I have watched on video many American patriotic occasions and noted the songs sung.  But I have never seen "I vow to thee my country" sung on such occasions. Have I missed performances of it?   It is both intensely patriotic and intensely Christian.  It basically says how unreservedly the singers love their country but also goes on to say that the Kingdom of God is better still.  I welcome email from readers to enlighten me about it.  It is of course massively popular in Britain, where it originated just after WWI.  Below is a video of a beautiful young British soprano singing it. And the wonderful music was written by Gustav Holst, an eminent British composer.



There is also a choral performance here where just about everybody who is anybody in British politics can be seen.

The words:

I vow to thee, my country, all earthly things above,
Entire and whole and perfect, the service of my love;
The love that asks no question, the love that stands the test,
That lays upon the altar the dearest and the best;
The love that never falters, the love that pays the price,
The love that makes undaunted the final sacrifice.

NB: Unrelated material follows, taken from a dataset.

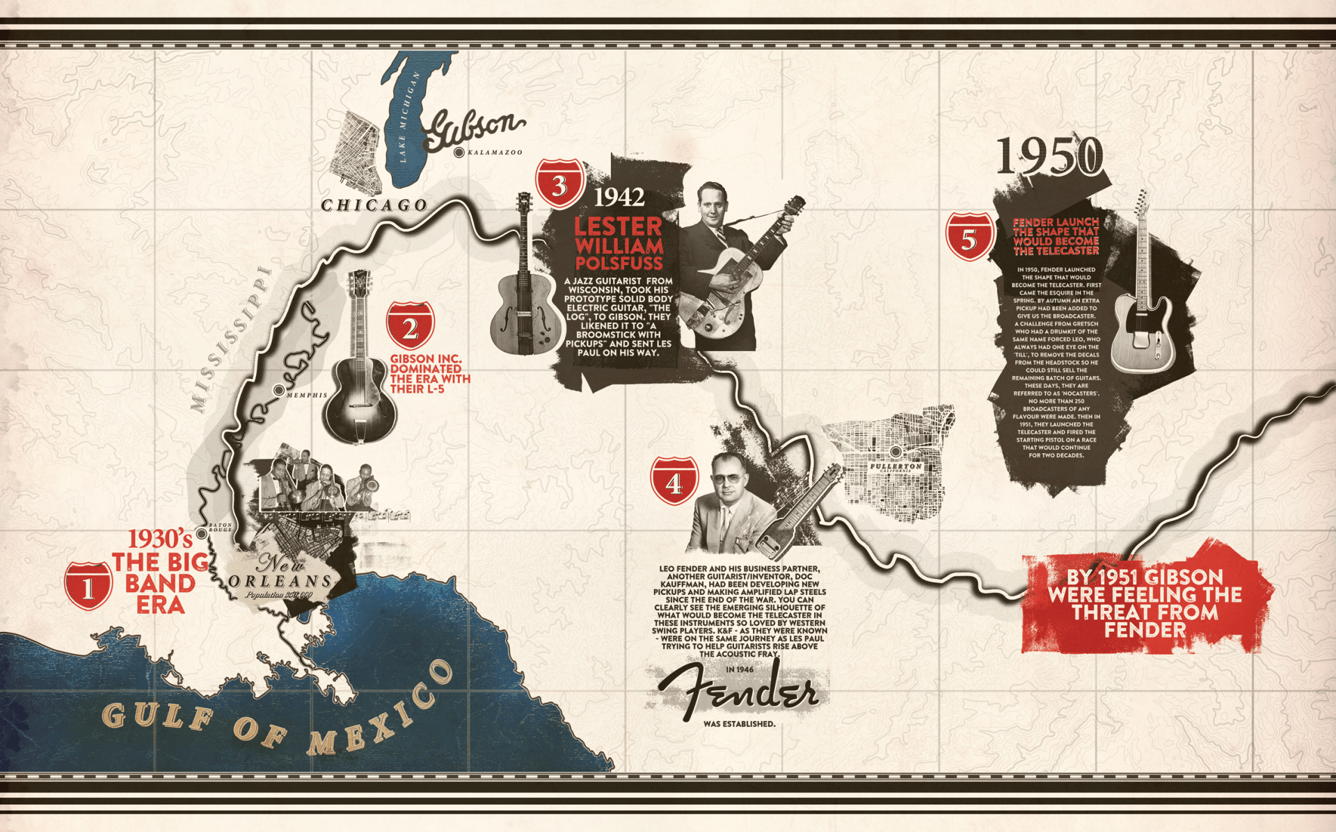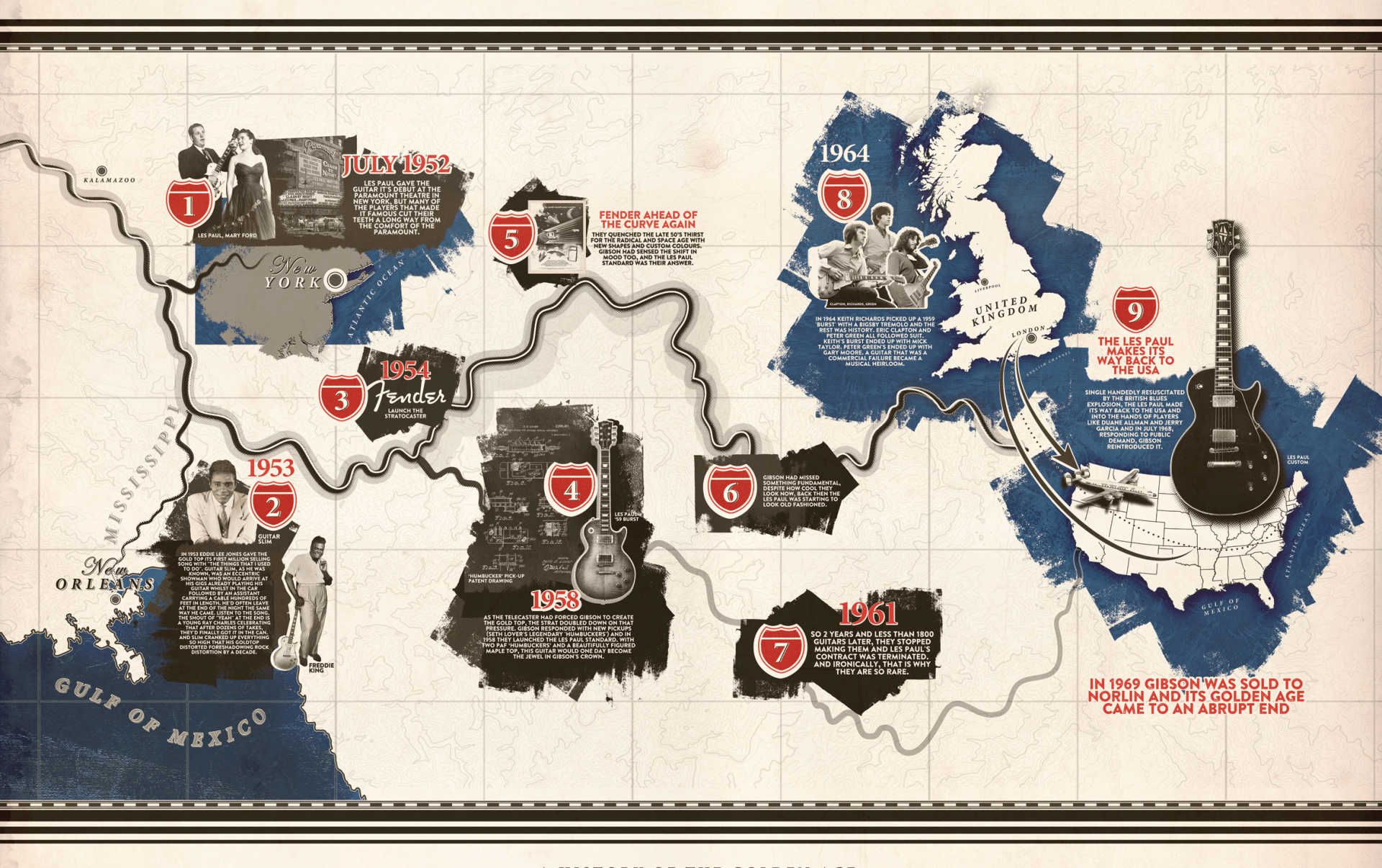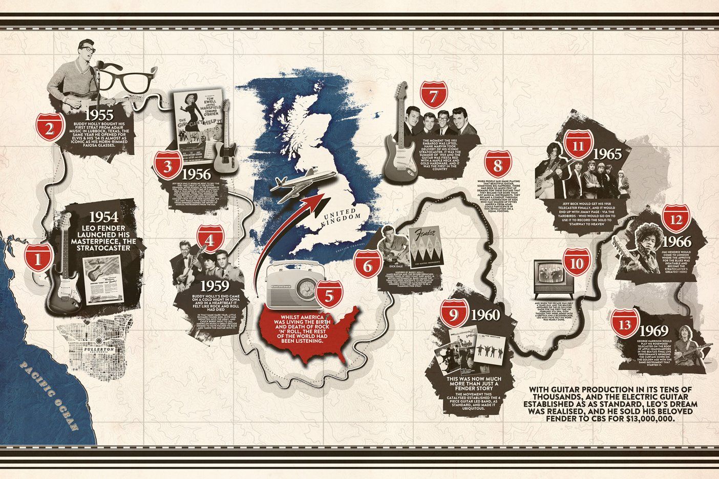 I’d been playing the guitar for many years having been in bands when I was younger, and over the years had started to acquire more guitars than I could practically play. As I mentioned earlier, my focus was very narrow, and I only bought 3 guitar models. I was, am, obsessed by the timelessness of these guitars, their designs impervious to the whim of fashion. If you want to look cool today you pick up a Tele, Les Paul, or a Strat, and that was the same in 1954. And their story, summarised in three maps (shown in the images) I designed for a companion exhibition to the live show, is so fascinating.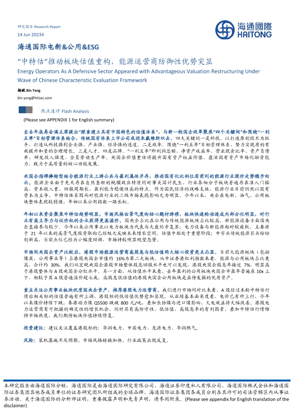 【海通国际】【20230614】电新&公用&ESG:“中特估”推动板块估值重构,能源运营商防御性优势突显-13页

I heard my country calling, away across the sea,
Across the waste of waters, she calls and calls to me.
Her sword is girded at her side, her helmet on her head,
And around her feet are lying the dying and the dead;
I hear the noise of battle, the thunder of her guns;
I haste to thee, my mother, a son among thy sons.

And there's another country, I've heard of long ago,
Most dear to them that love her, most great to them that know;
We may not count her armies, we may not see her King;
Her fortress is a faithful heart, her pride is suffering;
And soul by soul and silently her shining bounds increase,
And her ways are ways of gentleness, and all her paths are peace.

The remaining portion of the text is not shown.